Apart from the images, output the data below exactly.
*** Block opens ***
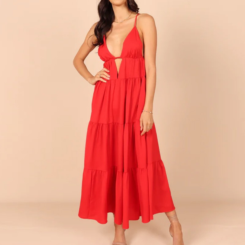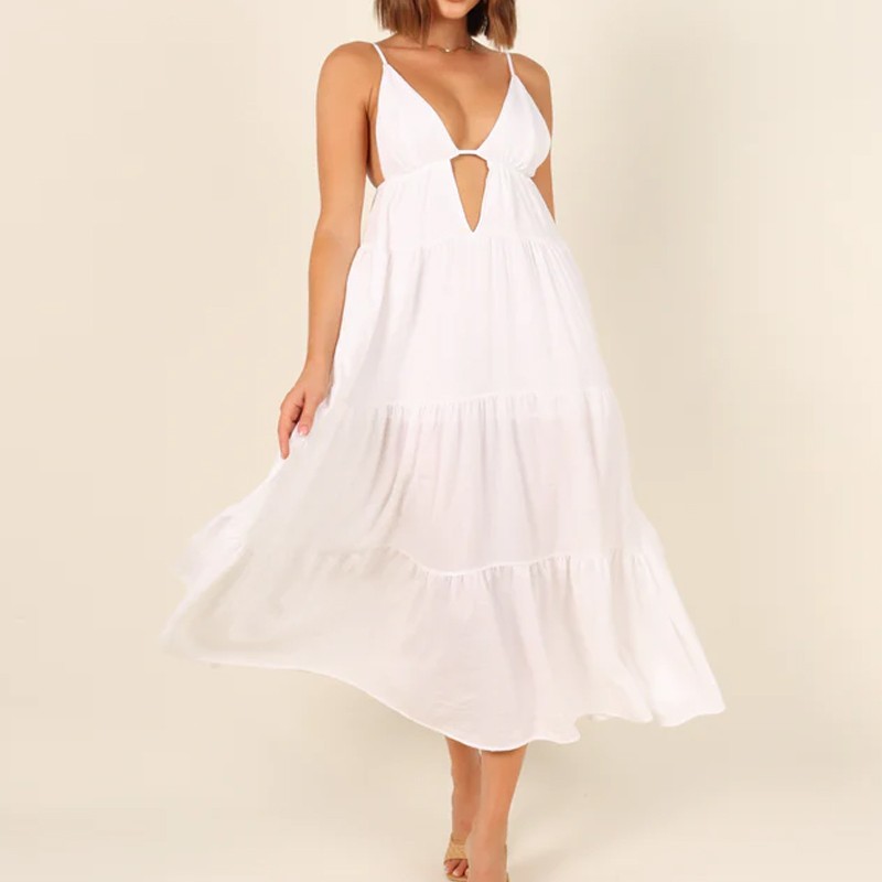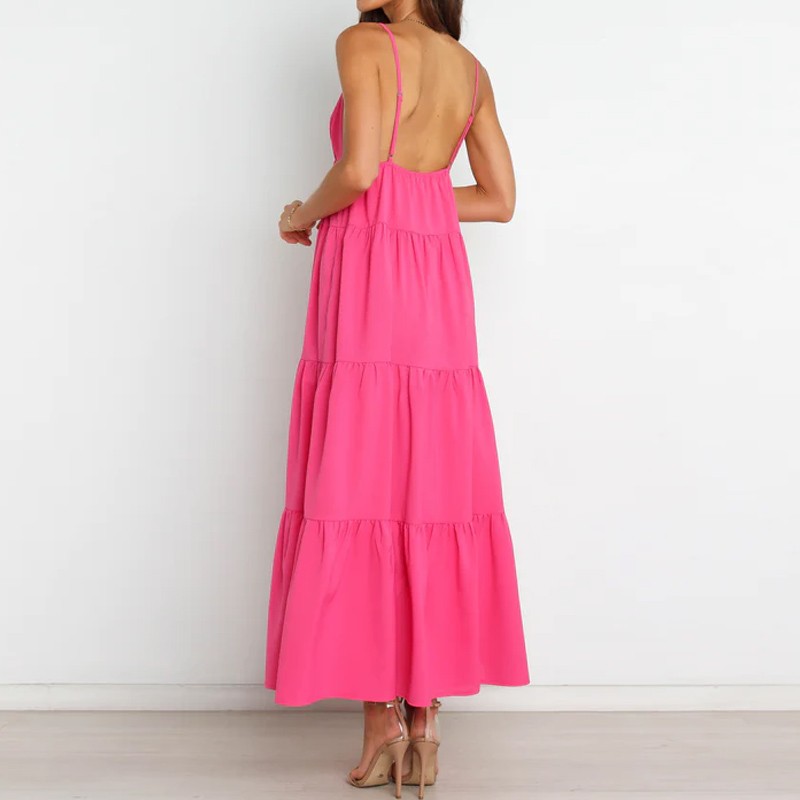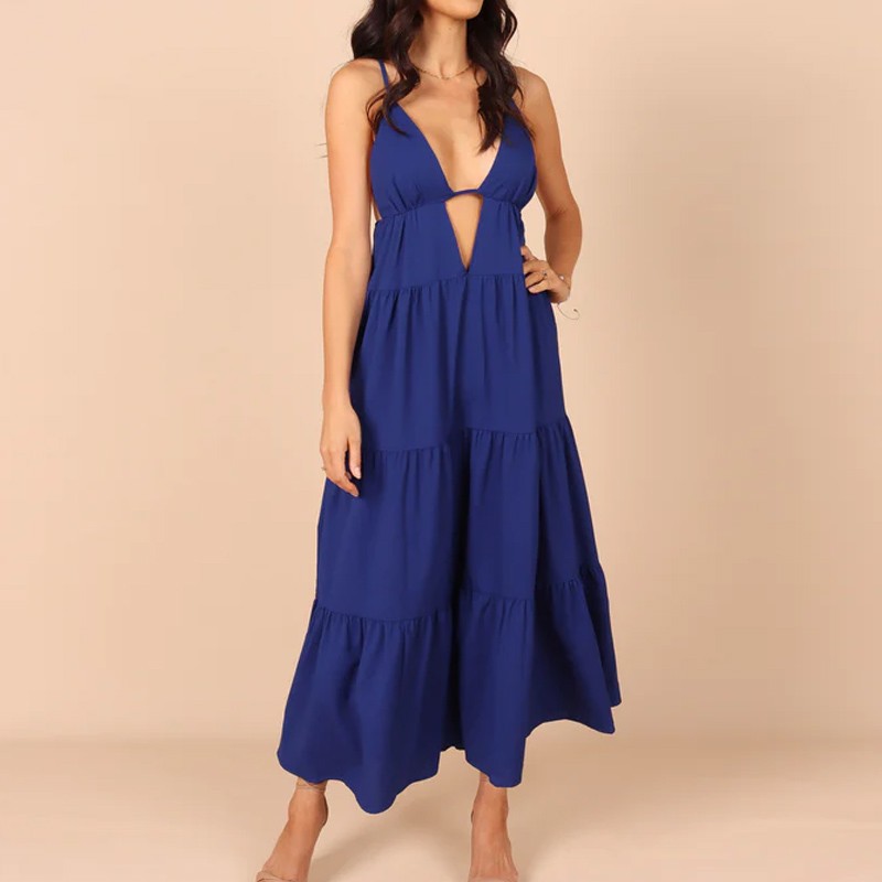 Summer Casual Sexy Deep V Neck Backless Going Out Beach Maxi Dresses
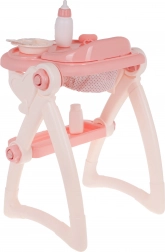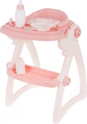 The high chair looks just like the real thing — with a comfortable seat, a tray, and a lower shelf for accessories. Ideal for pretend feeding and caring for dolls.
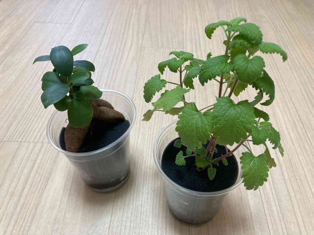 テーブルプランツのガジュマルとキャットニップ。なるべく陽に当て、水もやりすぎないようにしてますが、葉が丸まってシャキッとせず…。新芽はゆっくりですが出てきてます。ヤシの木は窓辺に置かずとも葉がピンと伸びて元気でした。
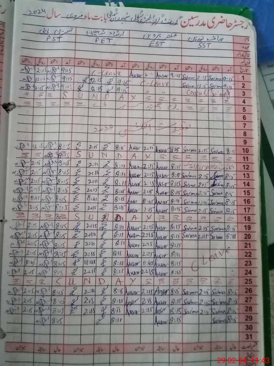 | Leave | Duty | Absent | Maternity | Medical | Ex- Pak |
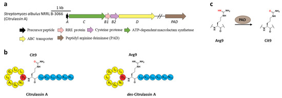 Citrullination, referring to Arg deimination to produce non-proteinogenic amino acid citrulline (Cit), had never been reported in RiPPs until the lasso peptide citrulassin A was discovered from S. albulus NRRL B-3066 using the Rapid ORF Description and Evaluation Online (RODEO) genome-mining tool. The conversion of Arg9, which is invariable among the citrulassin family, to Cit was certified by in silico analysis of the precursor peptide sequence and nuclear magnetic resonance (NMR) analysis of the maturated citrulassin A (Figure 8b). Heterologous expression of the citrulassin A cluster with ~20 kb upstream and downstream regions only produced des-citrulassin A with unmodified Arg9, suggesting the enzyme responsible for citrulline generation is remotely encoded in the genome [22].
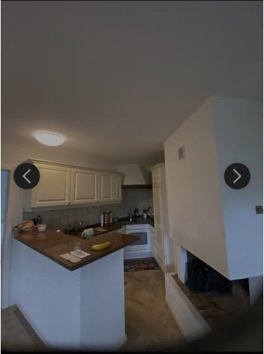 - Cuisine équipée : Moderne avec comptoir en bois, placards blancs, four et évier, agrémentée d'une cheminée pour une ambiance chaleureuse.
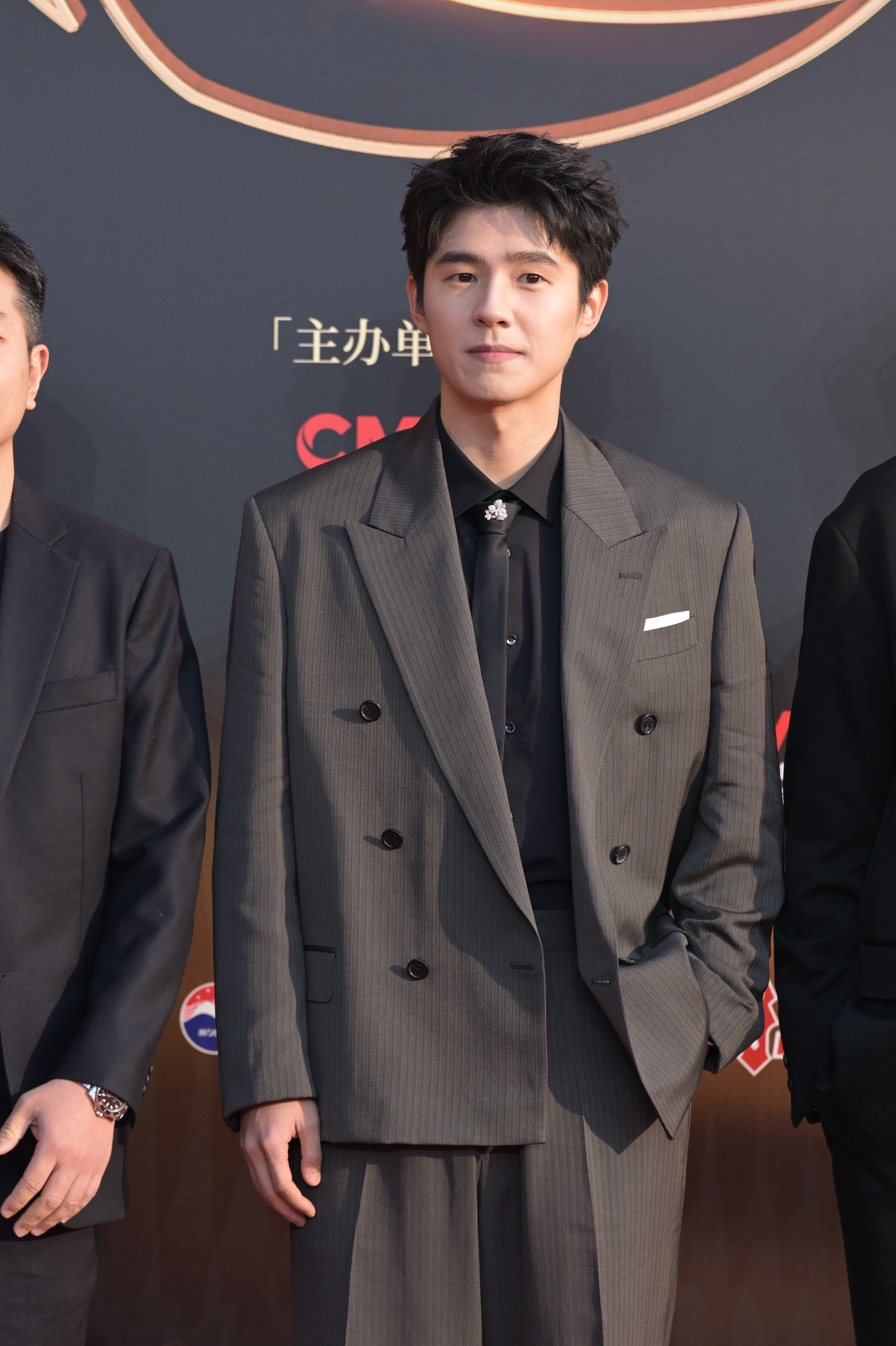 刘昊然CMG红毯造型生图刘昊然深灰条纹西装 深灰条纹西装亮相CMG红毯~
*** Block closes ***
> Task answer:
 Summer Casual Sexy Deep V Neck Backless Going Out Beach Maxi Dresses
 The high chair looks just like the real thing — with a comfortable seat, a tray, and a lower shelf for accessories. Ideal for pretend feeding and caring for dolls.
 テーブルプランツのガジュマルとキャットニップ。なるべく陽に当て、水もやりすぎないようにしてますが、葉が丸まってシャキッとせず…。新芽はゆっくりですが出てきてます。ヤシの木は窓辺に置かずとも葉がピンと伸びて元気でした。
 | Leave | Duty | Absent | Maternity | Medical | Ex- Pak |
 Citrullination, referring to Arg deimination to produce non-proteinogenic amino acid citrulline (Cit), had never been reported in RiPPs until the lasso peptide citrulassin A was discovered from S. albulus NRRL B-3066 using the Rapid ORF Description and Evaluation Online (RODEO) genome-mining tool. The conversion of Arg9, which is invariable among the citrulassin family, to Cit was certified by in silico analysis of the precursor peptide sequence and nuclear magnetic resonance (NMR) analysis of the maturated citrulassin A (Figure 8b). Heterologous expression of the citrulassin A cluster with ~20 kb upstream and downstream regions only produced des-citrulassin A with unmodified Arg9, suggesting the enzyme responsible for citrulline generation is remotely encoded in the genome [22].
 - Cuisine équipée : Moderne avec comptoir en bois, placards blancs, four et évier, agrémentée d'une cheminée pour une ambiance chaleureuse.
 刘昊然CMG红毯造型生图刘昊然深灰条纹西装 深灰条纹西装亮相CMG红毯~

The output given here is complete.